**WHAT YOU SHOULD DO**
Once you reach the line with "봉일천 방향 진입로(일산" in the material below, copy each line exactly up to and including the line with "本网讯(会计学院 供稿)11", and skip the pictures.
─── MATERIALS PROVIDED
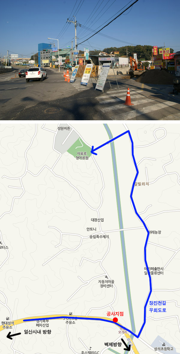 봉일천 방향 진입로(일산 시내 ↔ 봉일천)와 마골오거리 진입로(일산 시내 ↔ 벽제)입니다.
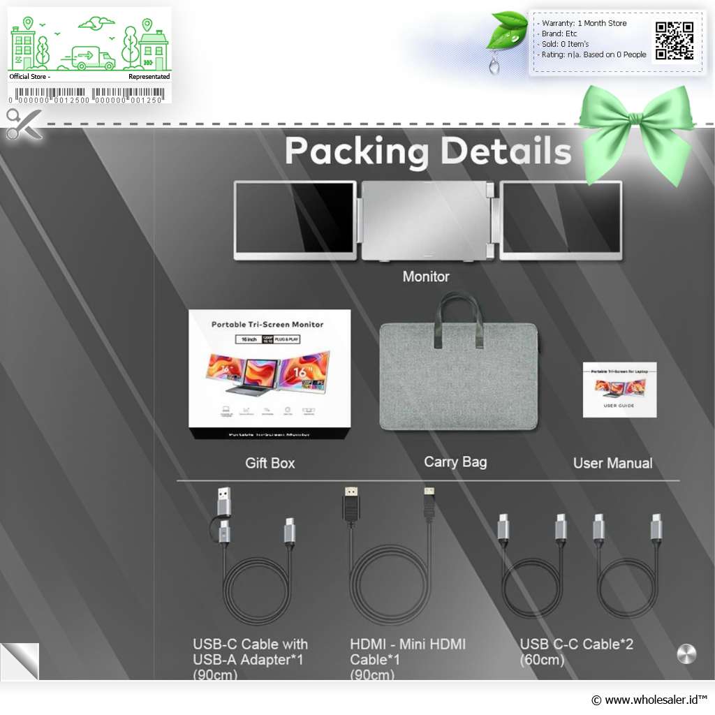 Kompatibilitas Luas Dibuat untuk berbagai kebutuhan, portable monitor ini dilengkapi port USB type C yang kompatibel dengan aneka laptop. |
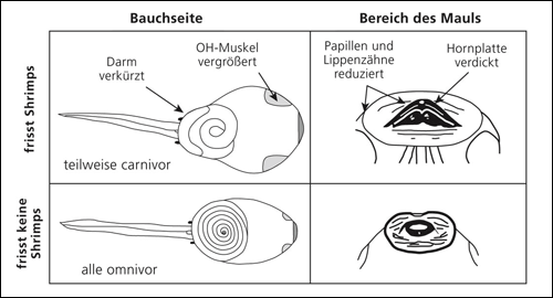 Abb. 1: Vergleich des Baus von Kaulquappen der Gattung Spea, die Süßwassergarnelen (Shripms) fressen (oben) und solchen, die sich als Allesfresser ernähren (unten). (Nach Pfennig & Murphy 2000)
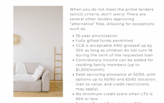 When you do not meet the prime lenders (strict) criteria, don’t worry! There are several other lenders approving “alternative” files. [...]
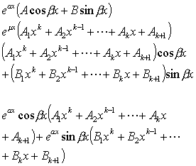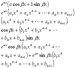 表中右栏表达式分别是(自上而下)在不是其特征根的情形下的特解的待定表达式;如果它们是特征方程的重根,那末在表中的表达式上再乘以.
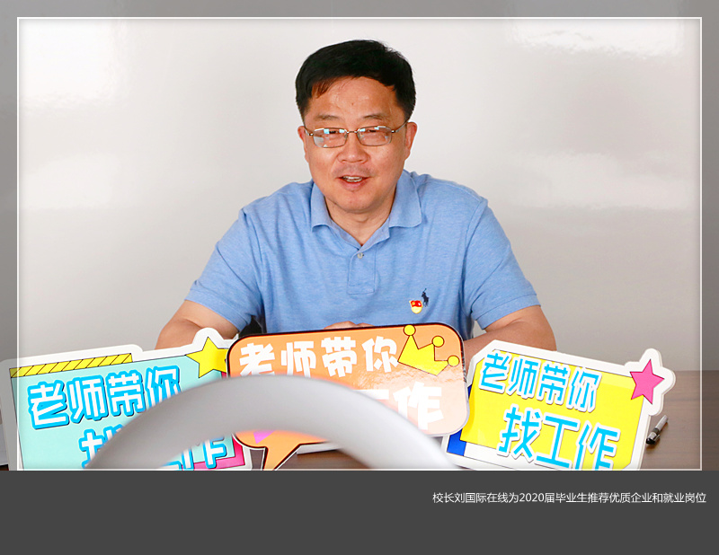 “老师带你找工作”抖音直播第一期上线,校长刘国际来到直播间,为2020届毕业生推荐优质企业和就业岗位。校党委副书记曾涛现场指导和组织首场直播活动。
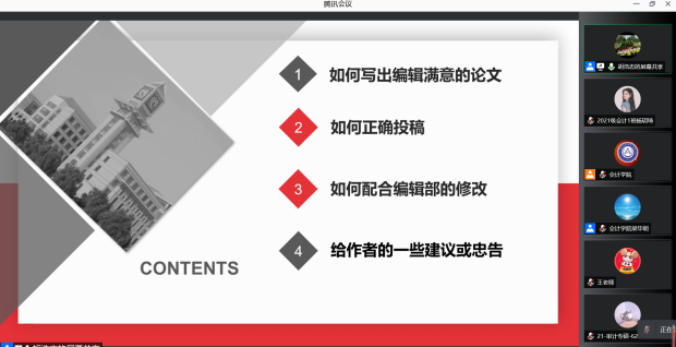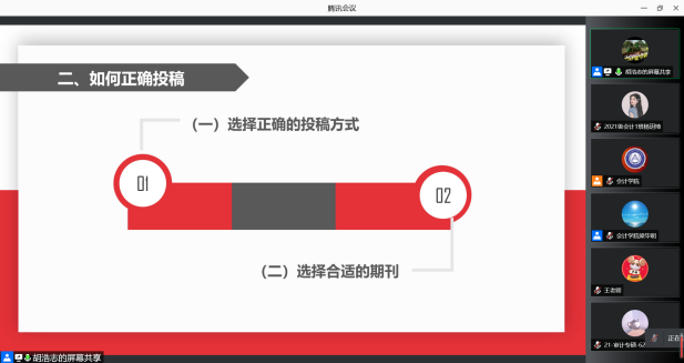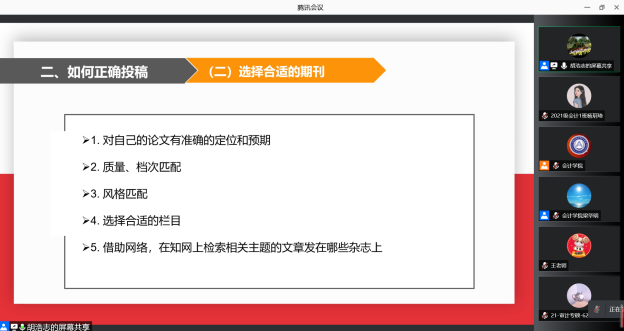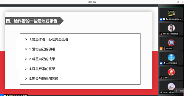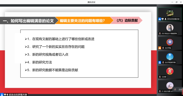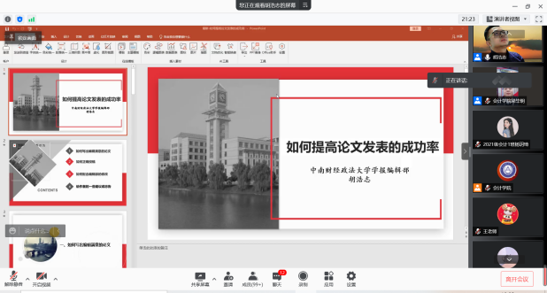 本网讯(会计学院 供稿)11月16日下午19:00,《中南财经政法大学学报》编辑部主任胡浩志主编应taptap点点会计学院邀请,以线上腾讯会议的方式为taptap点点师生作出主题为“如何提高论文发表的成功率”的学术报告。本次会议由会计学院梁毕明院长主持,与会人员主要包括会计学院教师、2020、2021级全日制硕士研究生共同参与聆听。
──────
─── MATERIALS PROVIDED
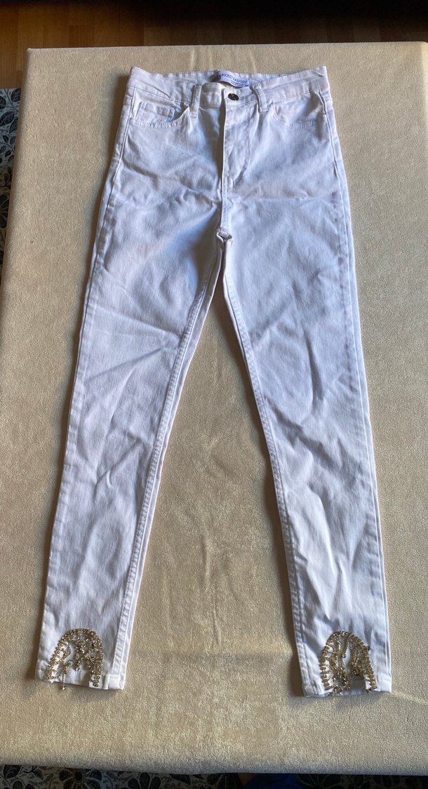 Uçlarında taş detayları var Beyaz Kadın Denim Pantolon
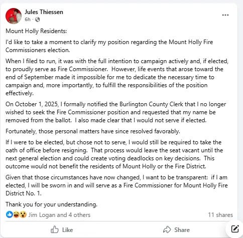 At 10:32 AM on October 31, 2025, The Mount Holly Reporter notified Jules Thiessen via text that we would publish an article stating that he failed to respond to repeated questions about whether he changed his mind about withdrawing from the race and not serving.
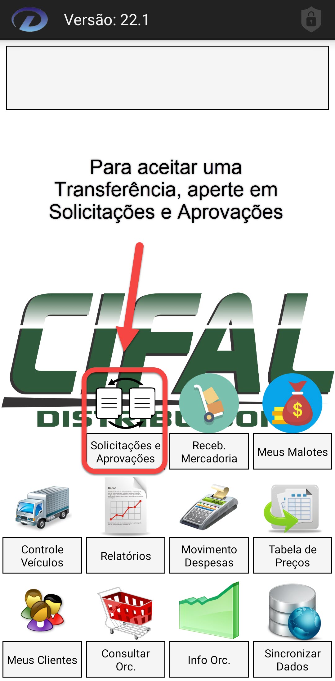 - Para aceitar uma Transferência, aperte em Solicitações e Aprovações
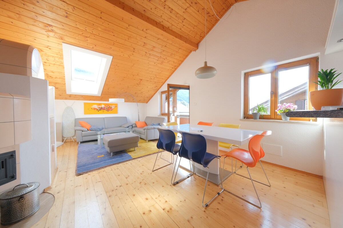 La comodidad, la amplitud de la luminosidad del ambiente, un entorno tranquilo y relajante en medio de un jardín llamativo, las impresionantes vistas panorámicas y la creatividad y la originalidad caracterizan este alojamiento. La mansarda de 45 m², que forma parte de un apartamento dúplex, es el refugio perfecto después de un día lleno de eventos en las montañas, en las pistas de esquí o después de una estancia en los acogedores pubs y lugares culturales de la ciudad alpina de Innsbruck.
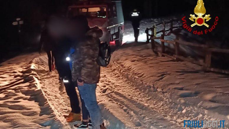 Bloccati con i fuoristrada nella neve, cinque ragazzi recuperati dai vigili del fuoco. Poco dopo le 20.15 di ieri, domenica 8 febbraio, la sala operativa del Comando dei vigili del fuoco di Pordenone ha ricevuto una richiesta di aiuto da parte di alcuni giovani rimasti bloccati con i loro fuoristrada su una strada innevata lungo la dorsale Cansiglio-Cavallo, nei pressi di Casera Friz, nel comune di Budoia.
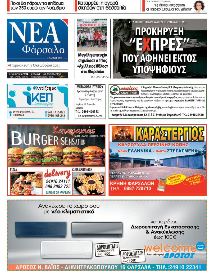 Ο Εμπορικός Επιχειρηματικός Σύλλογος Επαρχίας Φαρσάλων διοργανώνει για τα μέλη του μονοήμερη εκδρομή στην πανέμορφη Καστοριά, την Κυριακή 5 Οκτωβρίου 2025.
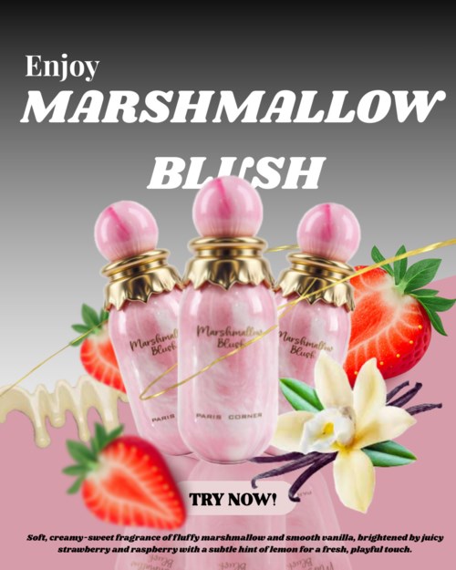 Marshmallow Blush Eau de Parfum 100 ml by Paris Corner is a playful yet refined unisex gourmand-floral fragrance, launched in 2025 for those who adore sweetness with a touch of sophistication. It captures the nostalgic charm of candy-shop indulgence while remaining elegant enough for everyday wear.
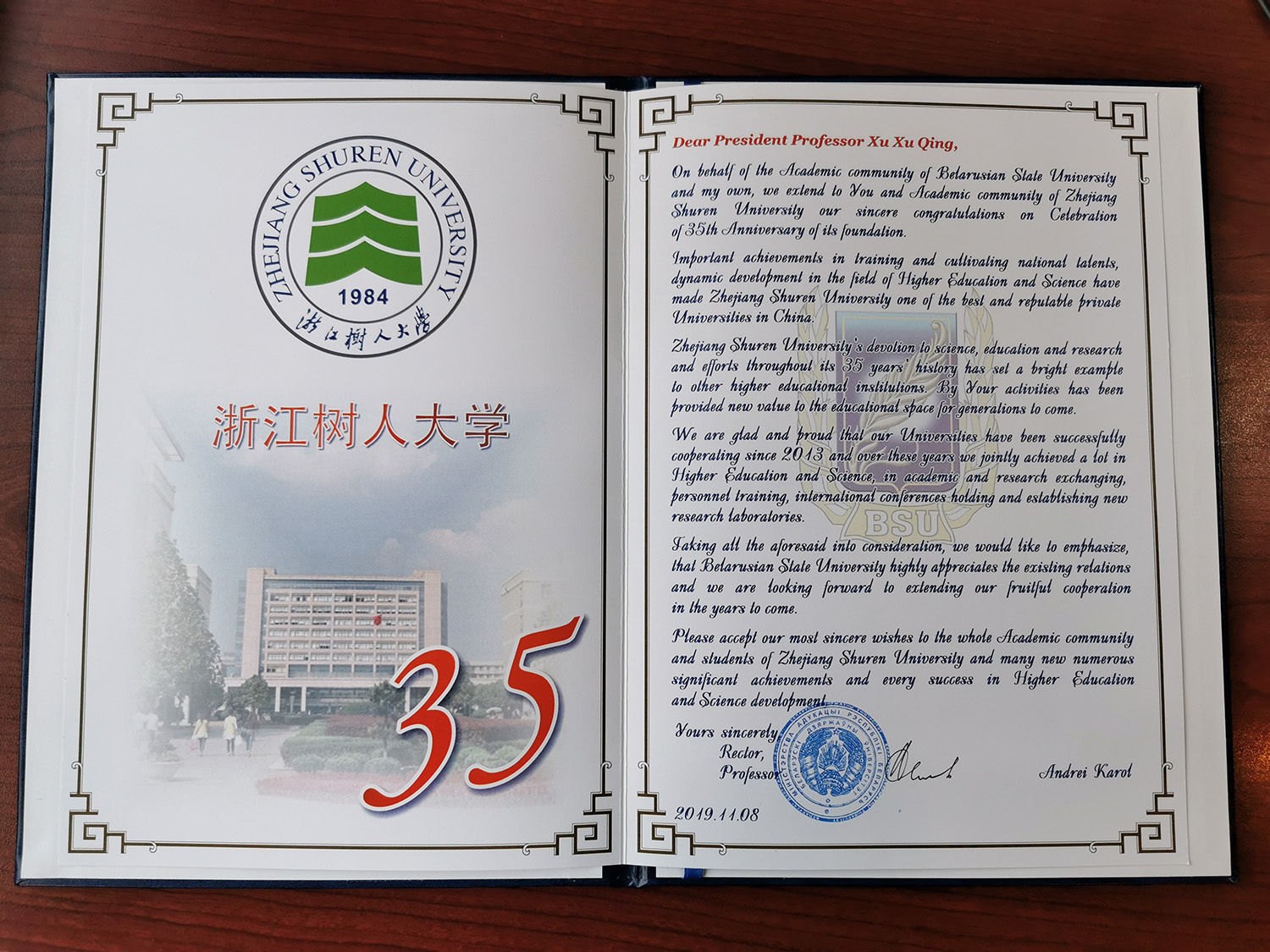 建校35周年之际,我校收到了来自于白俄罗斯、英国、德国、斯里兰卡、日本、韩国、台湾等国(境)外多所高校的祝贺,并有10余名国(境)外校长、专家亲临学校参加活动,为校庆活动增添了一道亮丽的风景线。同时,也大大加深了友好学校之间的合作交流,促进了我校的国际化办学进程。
──────
─── MATERIALS PROVIDED
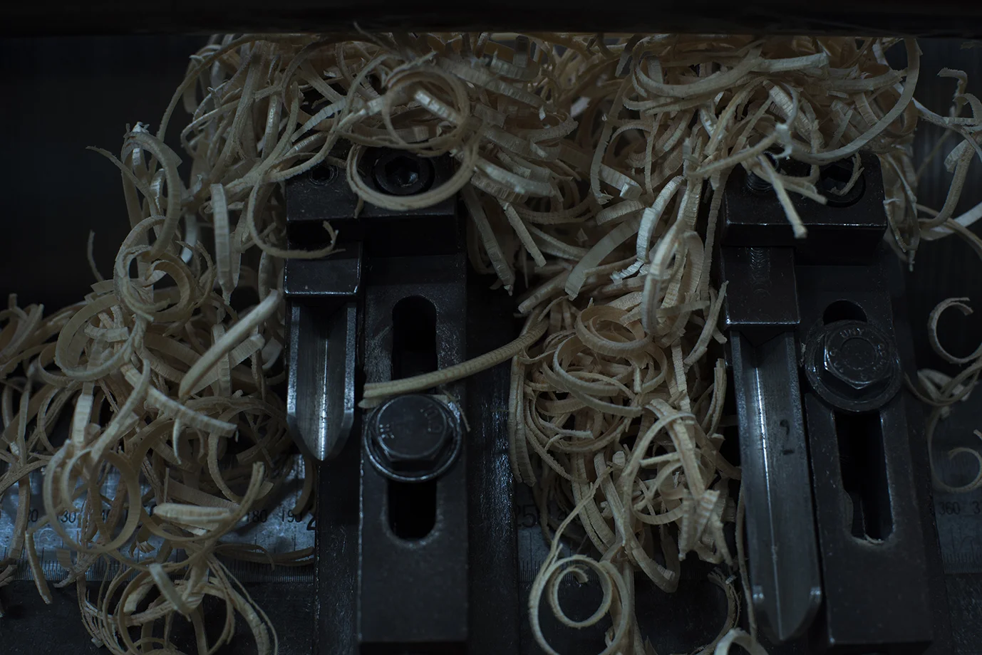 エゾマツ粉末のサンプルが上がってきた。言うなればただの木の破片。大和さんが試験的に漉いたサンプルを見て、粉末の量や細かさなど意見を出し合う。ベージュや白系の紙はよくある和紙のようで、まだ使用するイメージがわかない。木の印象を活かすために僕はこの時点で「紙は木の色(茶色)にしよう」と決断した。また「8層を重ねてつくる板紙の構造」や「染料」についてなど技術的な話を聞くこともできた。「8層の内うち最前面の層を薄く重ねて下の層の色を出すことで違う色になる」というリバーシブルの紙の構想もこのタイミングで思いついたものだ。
──────
**OUTPUT FOR THIS EXERCISE**
 봉일천 방향 진입로(일산 시내 ↔ 봉일천)와 마골오거리 진입로(일산 시내 ↔ 벽제)입니다.
 Kompatibilitas Luas Dibuat untuk berbagai kebutuhan, portable monitor ini dilengkapi port USB type C yang kompatibel dengan aneka laptop. |
 Abb. 1: Vergleich des Baus von Kaulquappen der Gattung Spea, die Süßwassergarnelen (Shripms) fressen (oben) und solchen, die sich als Allesfresser ernähren (unten). (Nach Pfennig & Murphy 2000)
 When you do not meet the prime lenders (strict) criteria, don’t worry! There are several other lenders approving “alternative” files. [...]
 表中右栏表达式分别是(自上而下)在不是其特征根的情形下的特解的待定表达式;如果它们是特征方程的重根,那末在表中的表达式上再乘以.
 “老师带你找工作”抖音直播第一期上线,校长刘国际来到直播间,为2020届毕业生推荐优质企业和就业岗位。校党委副书记曾涛现场指导和组织首场直播活动。
 本网讯(会计学院 供稿)11月16日下午19:00,《中南财经政法大学学报》编辑部主任胡浩志主编应taptap点点会计学院邀请,以线上腾讯会议的方式为taptap点点师生作出主题为“如何提高论文发表的成功率”的学术报告。本次会议由会计学院梁毕明院长主持,与会人员主要包括会计学院教师、2020、2021级全日制硕士研究生共同参与聆听。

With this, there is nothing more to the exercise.